Two years to the day after a traffic stop during which he says he feared for his life, an Oakland civil rights attorney filed a lawsuit against the city.
On the day after Christmas in 2017, at around 7 p.m., Adante Pointer said he was driving in a silver Mercedes-Benz down International Boulevard in San Leandro after visiting a client.
Pointer, a lawyer who works in the office of civil rights attorney John Burris, said he was trying to decide if he should pick up some food for his two kids at home when he noticed flashing lights in his rearview mirror.
At first, he assumed the quickly approaching Oakland police SUV was rushing to an emergency, so Pointer quickly pulled over to let it pass. Instead, officers pulled up right behind him and, according to Pointer’s complaint, got out of the car and began shouting at him with their weapons drawn.

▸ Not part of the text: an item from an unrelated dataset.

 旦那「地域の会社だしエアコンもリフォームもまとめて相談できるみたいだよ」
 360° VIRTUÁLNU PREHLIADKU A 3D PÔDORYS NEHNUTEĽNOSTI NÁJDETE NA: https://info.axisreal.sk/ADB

“He started yelling at me, intensely loud and direct commands, ‘Get the f- out the car! Get the f- out the car!’ and he had his gun pointed out,” Pointer said. The complaint does not identify the officers involved.
As one police officer was shouting at him to get out of the vehicle, Pointer said another was simultaneously yelling at him not to move and to lift his hands up.
With different sets of conflicting commands, Pointer wasn’t sure who he should listen to and was terrified he might do the wrong thing.
“I know far too well, being a civil rights attorney and representing victims of police abuse over 15 years, that drivers have been shot for a lot less — the slightest movement,” Pointer said. “So I was petrified. I didn’t want to give them any excuse or justification to kill me.”